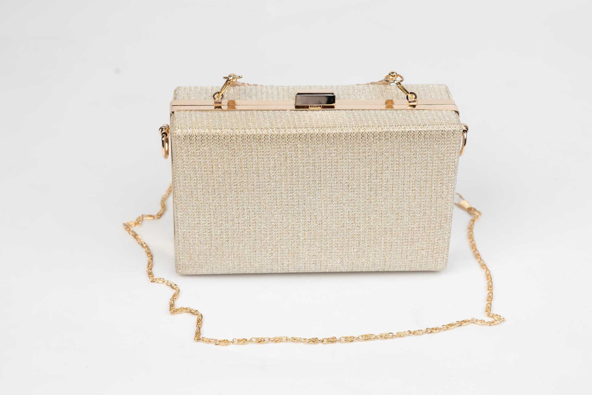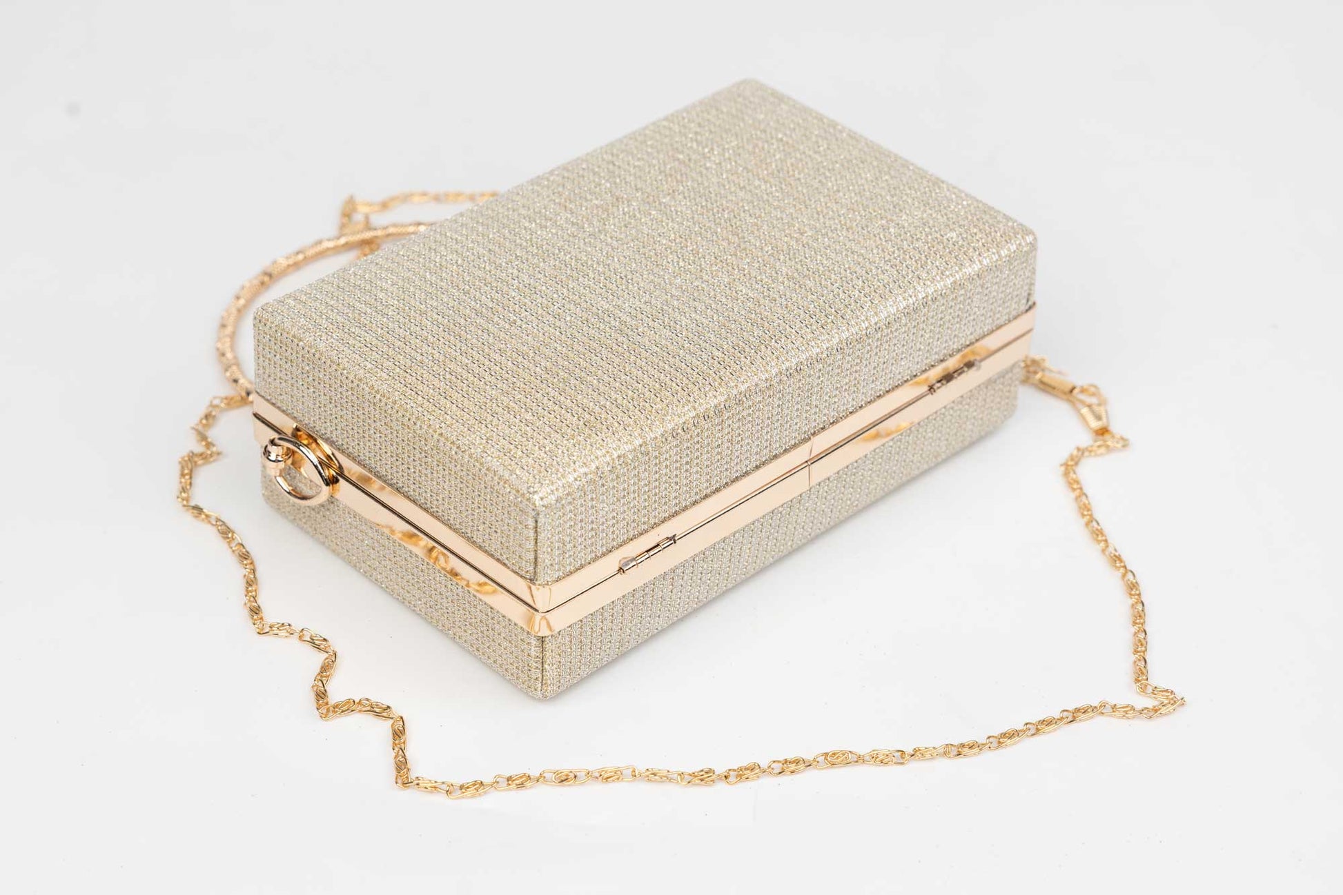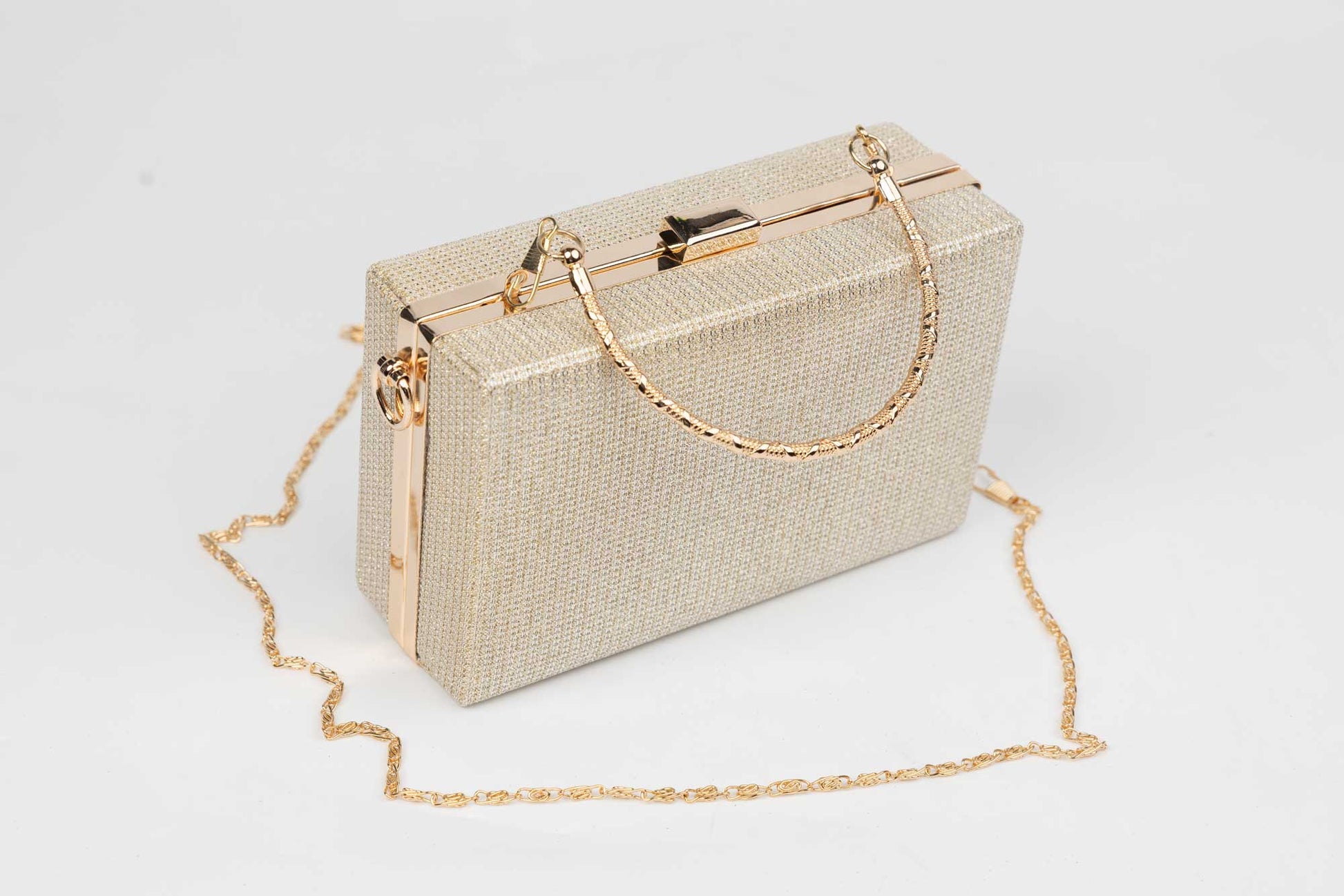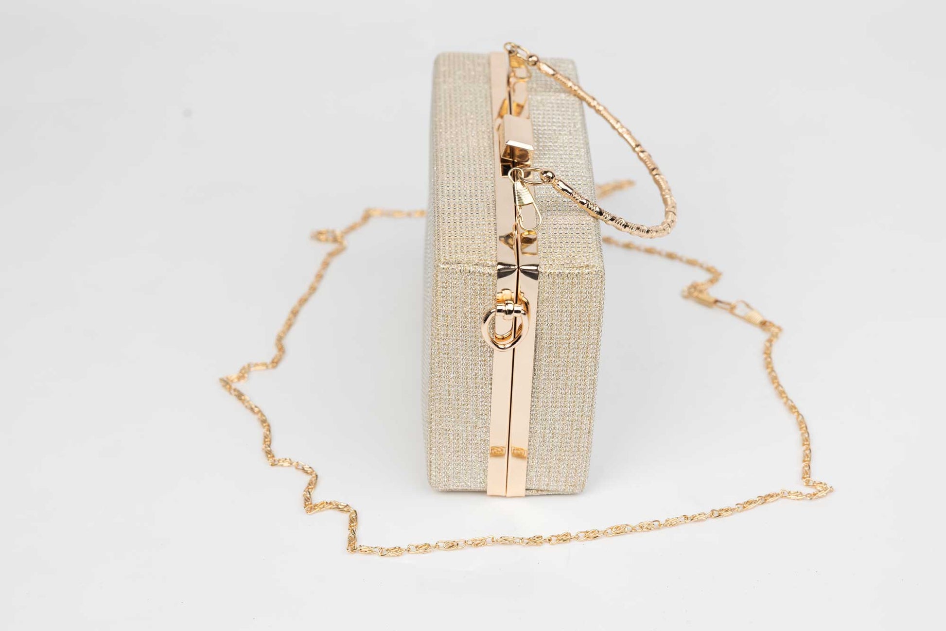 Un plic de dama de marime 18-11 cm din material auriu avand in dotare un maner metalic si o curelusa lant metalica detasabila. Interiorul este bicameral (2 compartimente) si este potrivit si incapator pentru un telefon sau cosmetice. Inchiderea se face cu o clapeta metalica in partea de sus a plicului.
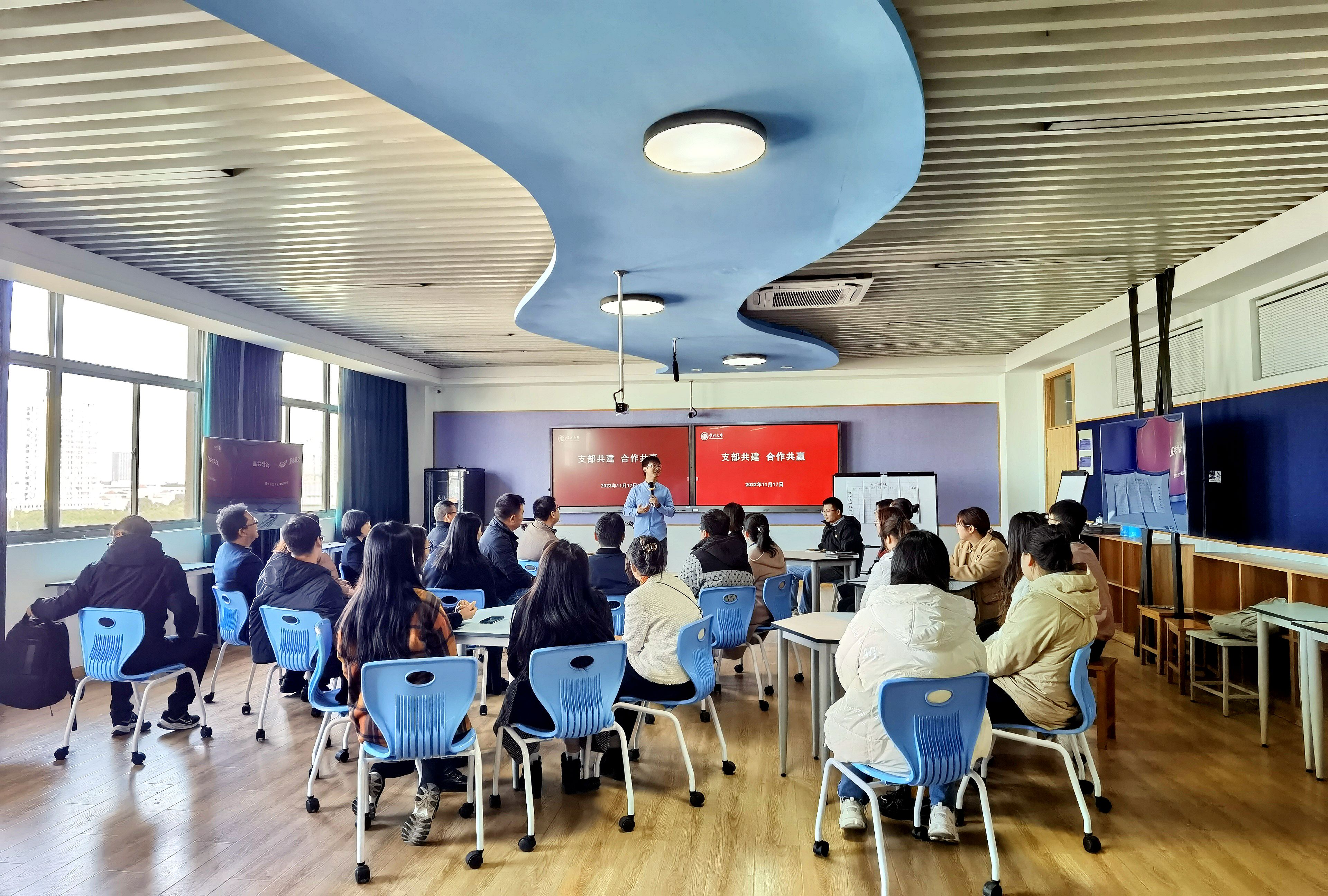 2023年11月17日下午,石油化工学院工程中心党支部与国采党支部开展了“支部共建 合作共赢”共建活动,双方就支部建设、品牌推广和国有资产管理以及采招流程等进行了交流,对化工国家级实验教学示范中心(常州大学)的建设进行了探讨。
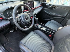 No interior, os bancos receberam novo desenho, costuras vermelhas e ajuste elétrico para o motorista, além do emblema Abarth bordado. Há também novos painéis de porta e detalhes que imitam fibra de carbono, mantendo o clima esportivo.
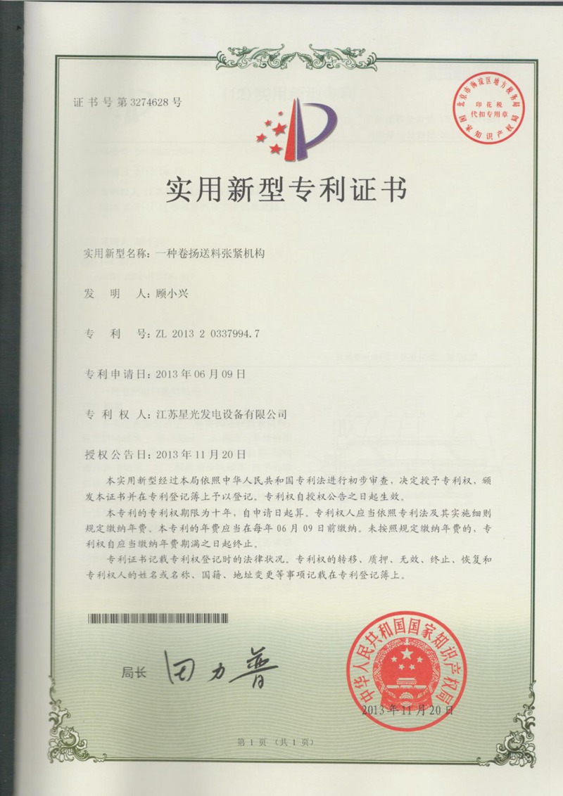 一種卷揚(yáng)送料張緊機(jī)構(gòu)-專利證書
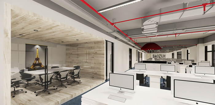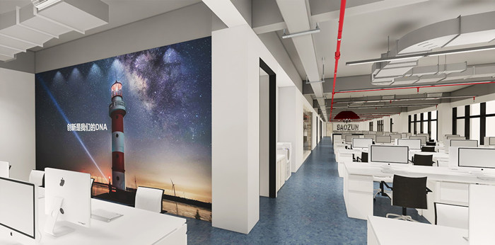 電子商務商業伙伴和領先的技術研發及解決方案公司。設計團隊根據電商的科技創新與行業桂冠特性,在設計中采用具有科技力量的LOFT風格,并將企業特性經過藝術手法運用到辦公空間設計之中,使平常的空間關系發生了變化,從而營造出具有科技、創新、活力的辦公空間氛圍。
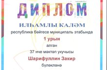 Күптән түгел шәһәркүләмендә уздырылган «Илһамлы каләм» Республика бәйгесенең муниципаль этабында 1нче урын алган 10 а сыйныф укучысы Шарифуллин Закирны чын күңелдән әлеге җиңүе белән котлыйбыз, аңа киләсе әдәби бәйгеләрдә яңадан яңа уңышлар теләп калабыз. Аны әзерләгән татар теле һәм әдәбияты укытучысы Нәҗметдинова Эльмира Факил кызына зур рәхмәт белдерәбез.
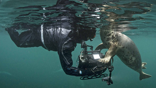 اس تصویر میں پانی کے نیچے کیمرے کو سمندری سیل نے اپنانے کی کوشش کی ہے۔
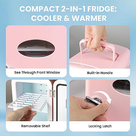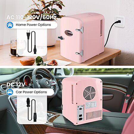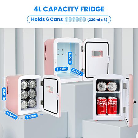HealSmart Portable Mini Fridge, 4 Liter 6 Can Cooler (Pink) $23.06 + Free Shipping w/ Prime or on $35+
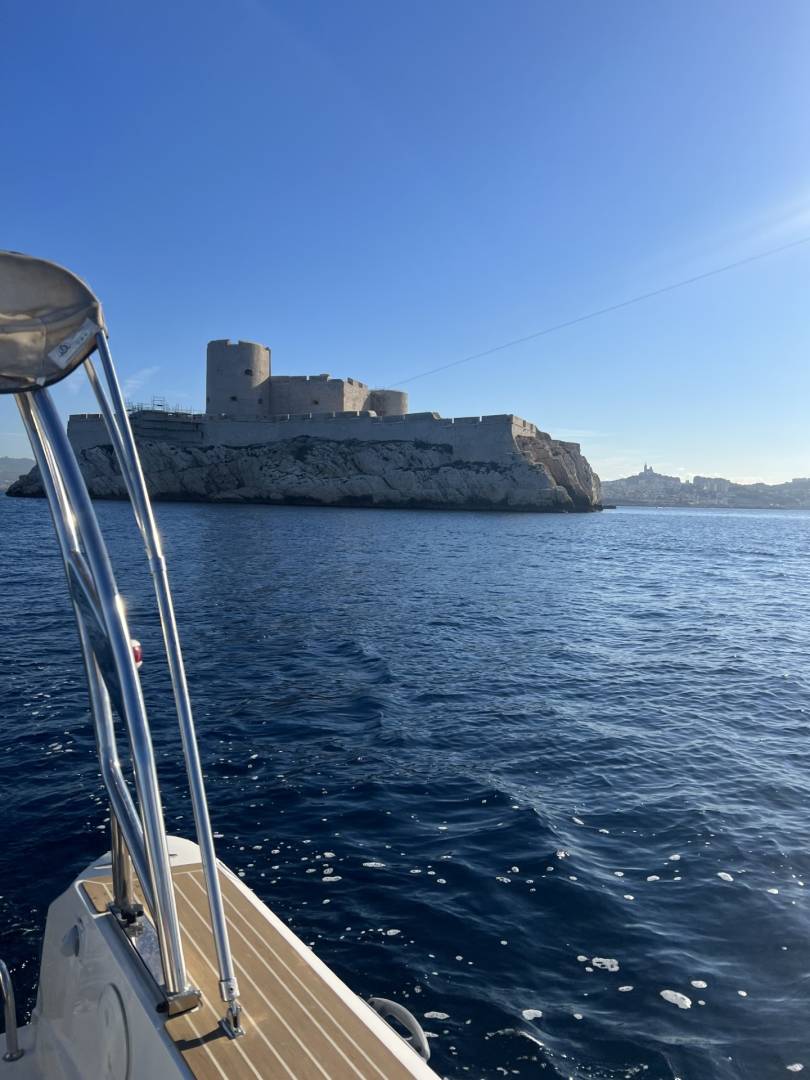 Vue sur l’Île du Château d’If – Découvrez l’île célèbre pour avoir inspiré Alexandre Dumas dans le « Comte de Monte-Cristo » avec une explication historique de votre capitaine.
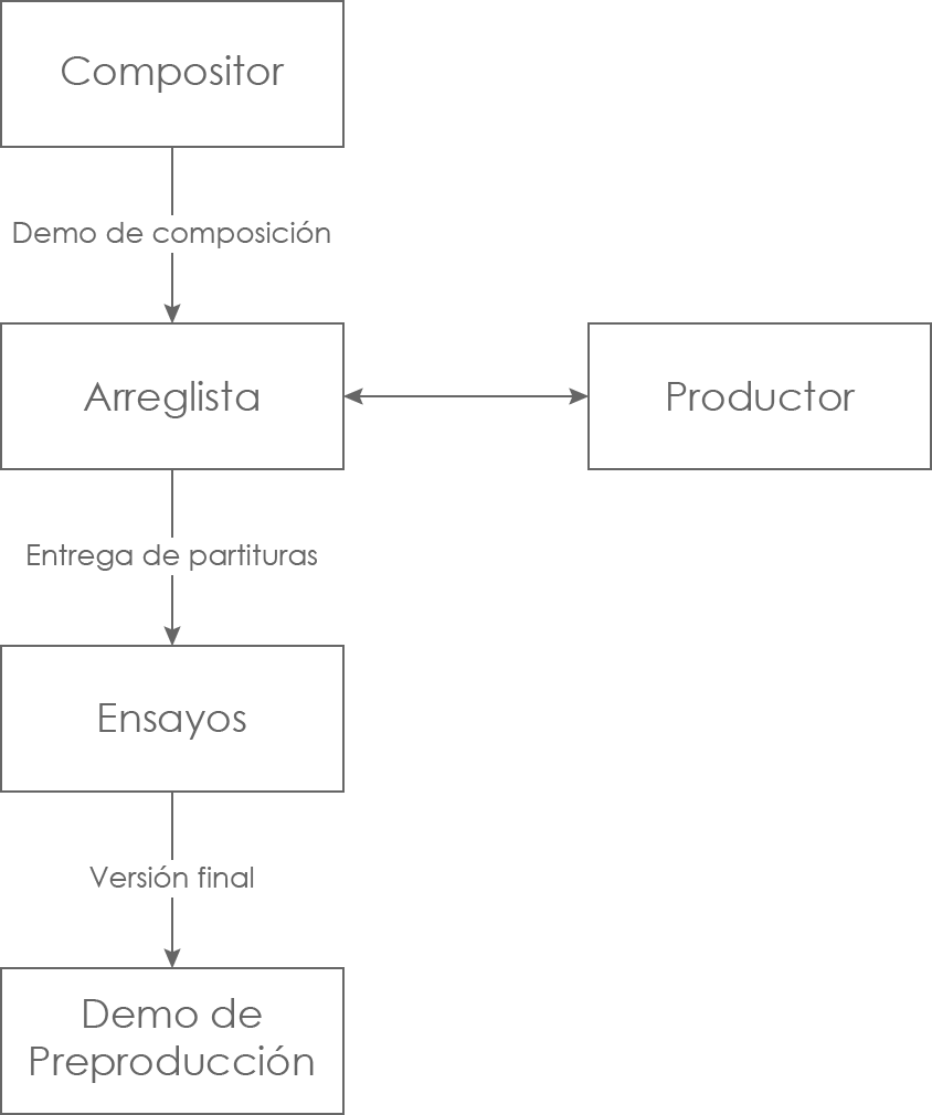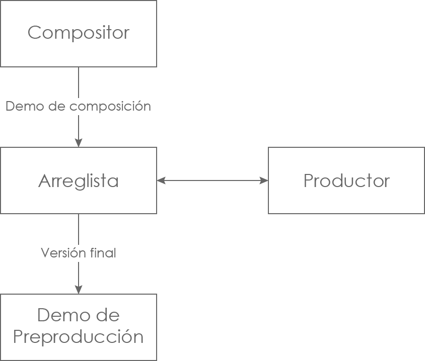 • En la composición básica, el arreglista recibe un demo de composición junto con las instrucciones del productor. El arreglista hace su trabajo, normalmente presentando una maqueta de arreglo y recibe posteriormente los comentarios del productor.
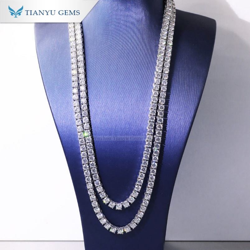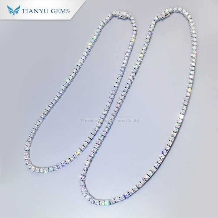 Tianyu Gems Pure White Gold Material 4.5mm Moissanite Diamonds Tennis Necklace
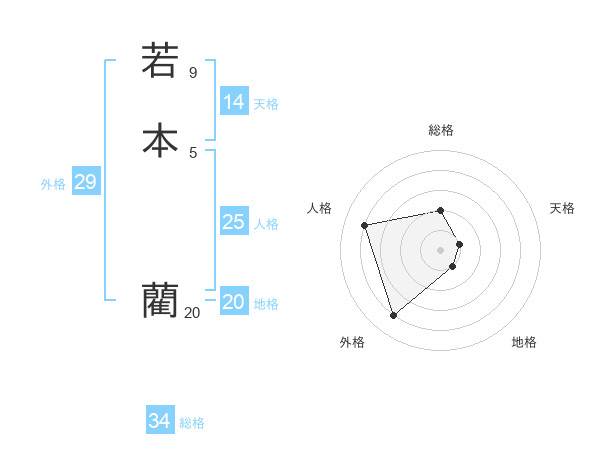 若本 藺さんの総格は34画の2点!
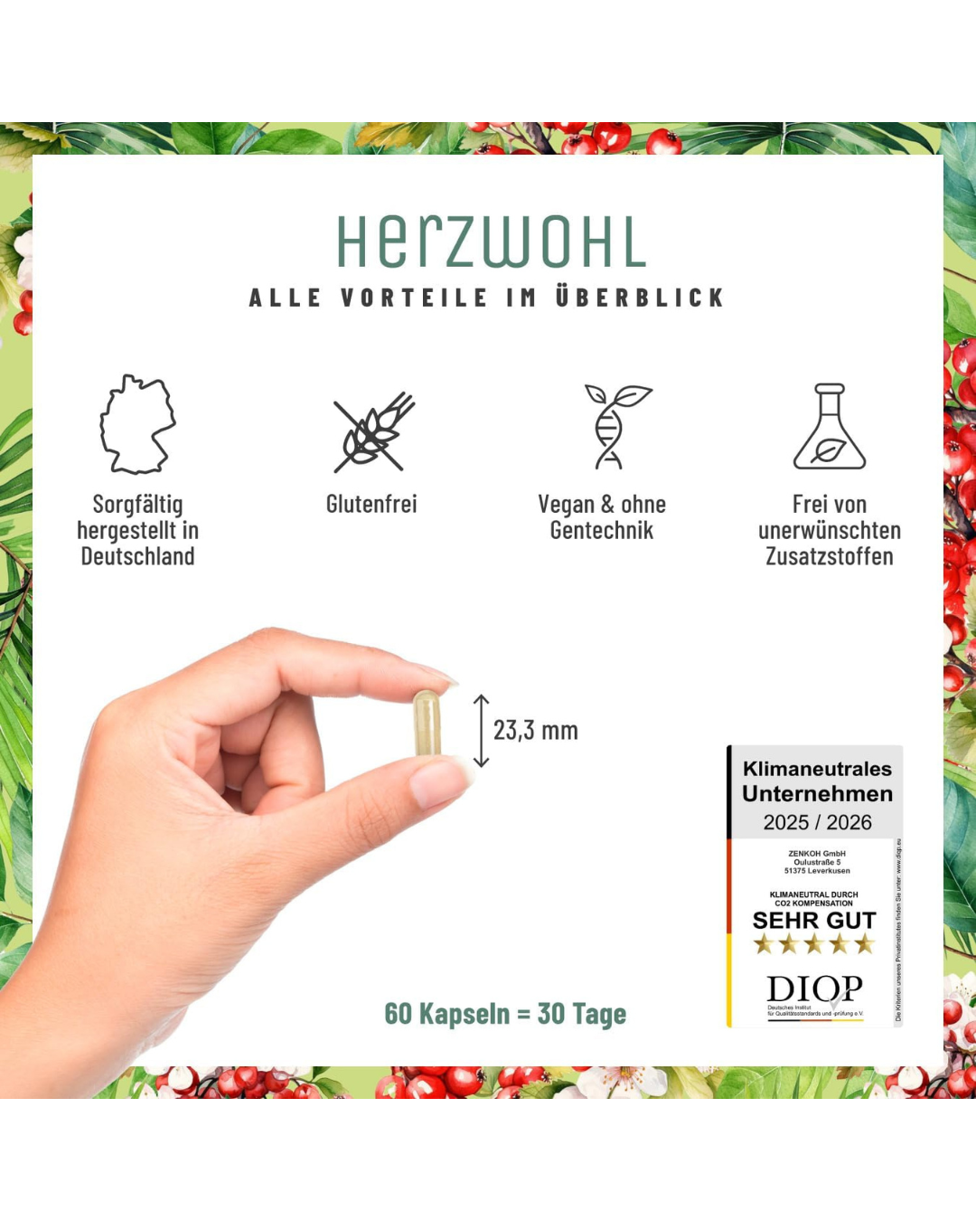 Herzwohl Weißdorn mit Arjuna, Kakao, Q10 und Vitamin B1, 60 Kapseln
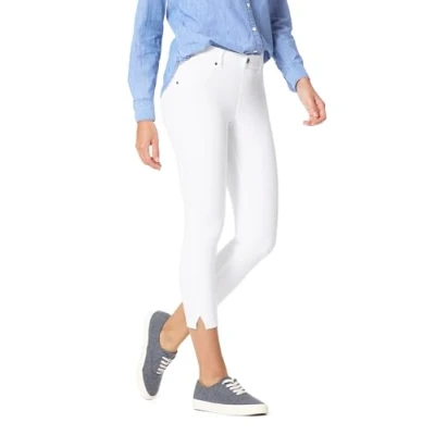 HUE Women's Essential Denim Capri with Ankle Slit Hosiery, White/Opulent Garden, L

_ _ _ _ _

▸ ASSIGNED TASK
Write out the material above again, word for word, minus its pictures.

▸ EXERCISE RESPONSE
 Un plic de dama de marime 18-11 cm din material auriu avand in dotare un maner metalic si o curelusa lant metalica detasabila. Interiorul este bicameral (2 compartimente) si este potrivit si incapator pentru un telefon sau cosmetice. Inchiderea se face cu o clapeta metalica in partea de sus a plicului.
 2023年11月17日下午,石油化工学院工程中心党支部与国采党支部开展了“支部共建 合作共赢”共建活动,双方就支部建设、品牌推广和国有资产管理以及采招流程等进行了交流,对化工国家级实验教学示范中心(常州大学)的建设进行了探讨。
 No interior, os bancos receberam novo desenho, costuras vermelhas e ajuste elétrico para o motorista, além do emblema Abarth bordado. Há também novos painéis de porta e detalhes que imitam fibra de carbono, mantendo o clima esportivo.
 一種卷揚(yáng)送料張緊機(jī)構(gòu)-專利證書
 電子商務商業伙伴和領先的技術研發及解決方案公司。設計團隊根據電商的科技創新與行業桂冠特性,在設計中采用具有科技力量的LOFT風格,并將企業特性經過藝術手法運用到辦公空間設計之中,使平常的空間關系發生了變化,從而營造出具有科技、創新、活力的辦公空間氛圍。
 Күптән түгел шәһәркүләмендә уздырылган «Илһамлы каләм» Республика бәйгесенең муниципаль этабында 1нче урын алган 10 а сыйныф укучысы Шарифуллин Закирны чын күңелдән әлеге җиңүе белән котлыйбыз, аңа киләсе әдәби бәйгеләрдә яңадан яңа уңышлар теләп калабыз. Аны әзерләгән татар теле һәм әдәбияты укытучысы Нәҗметдинова Эльмира Факил кызына зур рәхмәт белдерәбез.
 اس تصویر میں پانی کے نیچے کیمرے کو سمندری سیل نے اپنانے کی کوشش کی ہے۔
HealSmart Portable Mini Fridge, 4 Liter 6 Can Cooler (Pink) $23.06 + Free Shipping w/ Prime or on $35+
 Vue sur l’Île du Château d’If – Découvrez l’île célèbre pour avoir inspiré Alexandre Dumas dans le « Comte de Monte-Cristo » avec une explication historique de votre capitaine.
 • En la composición básica, el arreglista recibe un demo de composición junto con las instrucciones del productor. El arreglista hace su trabajo, normalmente presentando una maqueta de arreglo y recibe posteriormente los comentarios del productor.
 Tianyu Gems Pure White Gold Material 4.5mm Moissanite Diamonds Tennis Necklace
 若本 藺さんの総格は34画の2点!
 Herzwohl Weißdorn mit Arjuna, Kakao, Q10 und Vitamin B1, 60 Kapseln
 HUE Women's Essential Denim Capri with Ankle Slit Hosiery, White/Opulent Garden, L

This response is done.